Have you been diagnosed with microvascular disease or it it solely as a result of the eds. or has eds caused microvascular angina.

Thanks.

i have found your post really helpful - it has given me enough to convince someone to prescribe the right medication. Are you seen only by your GP.

Thanks again

[RichGotsPots]

My chest pain and SOB was there at sitting as well but on thinking about it it was relieved some if my legs were elevated, (not just lying flat) even without Meds!!

Anna, sounds just like mine. I also get tons of relief by drinking half a gallon of water. People with connective tissue disorders (i.e EDS) also can get Pulmonary Hypertension..http://www.phassociation.org/page.aspx?pid=3145

[Serbo]

just bumping this thread as it's very informative. I can't help but think terms like microvascular angina and small vessel dysfunction are essentially the same thing at least when it comes to patients with connective discarders!

But distinct from that it seems you have kounis which only effects those of us with the mast cell component. I'm sure it must also be possible to have Kounis or at least vasospams induced by degranulation, and have variant/prinzmetal angina also.

Perhaps if you are prone to vasospasm (have variant angina anyway), kounis is secondary if you have a mast cell disorder.

I am confident that if i ate a cheese sandwich now i could induce intense left sided chest pain, but short of an ECG i guess there's no way to check if it's a kounis. I get the raised BP response in these situations but not generally above 150. I also get the adrenalin rush, but difficult to decipher if thats anxiety in response to chest pain.

[E246]

Serbo, Have you been diagnosed for Mast cell disorder?

Sometimes i feel like i am the only person on this site who has no tests done so am still not sure quite what is causing my problems or what type of issues are causing the complications in my pots. The doctor last month said - we can only treat the symptoms - the research will be done in America. I think males with these chest pain problems are less likely to be suspected of psychological problems.

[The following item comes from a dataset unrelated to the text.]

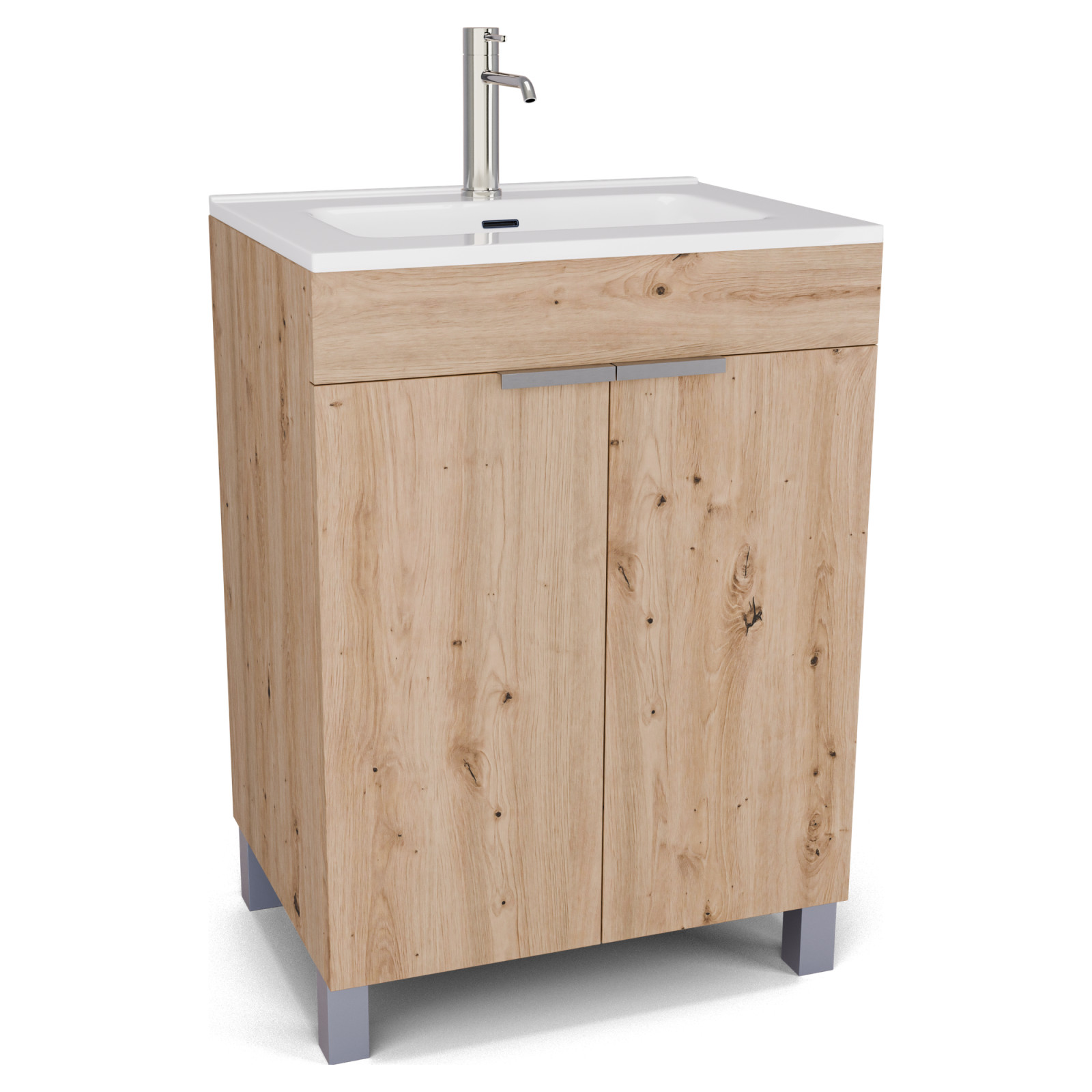 Saját márkás 60 cm széles álló mosdószekrény tölgyfa színben, szálcsiszolt króm fogantyúkkal és lábakkal, soft-close zsanérokkal ellátva.

Can you tell me what things you have been tested for regarding the chest pain etc. I have had the usual ecg/echo/chest xray. I was told that the chest pain was neither pots nor cardio by a very unpleasant cardio doctor who knew nothing about pots. Was also told by another pots doctor that it was normal to cope with the ups and downs of adrenaline as though i am a neurotic housewife. I explained that I run a dynamic expanding design company and am used to dealing with stress effectively. And rather than being overly focused on my health i am trying to work at a job i love and find it hard to have time to keep up with the research on this site which I think this site is brilliant and seems the only chance i have of getting any answers.

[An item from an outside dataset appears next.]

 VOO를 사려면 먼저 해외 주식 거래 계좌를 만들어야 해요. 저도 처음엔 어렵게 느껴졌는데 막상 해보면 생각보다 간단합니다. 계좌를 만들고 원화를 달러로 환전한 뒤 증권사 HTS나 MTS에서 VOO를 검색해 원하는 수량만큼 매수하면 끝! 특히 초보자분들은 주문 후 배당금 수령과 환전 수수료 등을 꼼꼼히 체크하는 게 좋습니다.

I still do not know what secondary issues may be causing my problems. Sorry -a bit of a rant but feel i am wasting time when i could be finding more tailored treatment and having less problems.

Thank

[issie]

I had an ER visit a while back and they thought I was having a heart attack. But, my thoughts were it was realated to an allergy type attack. I took lots of H1's and H2's before I went to the ER and then while there they gave me nitroglycerin and IV. They kept me over night - because all indications were a heart attack - but, there was no damage that occured to the heart. The end results is a possible Kounis Syndrome finding. It probably was related to an allergic mast cell degranulation. So, those of us with MCAD can have what appears to be a heart attack. The treatments given were the correct ones - it that's what the problem was. And it worked!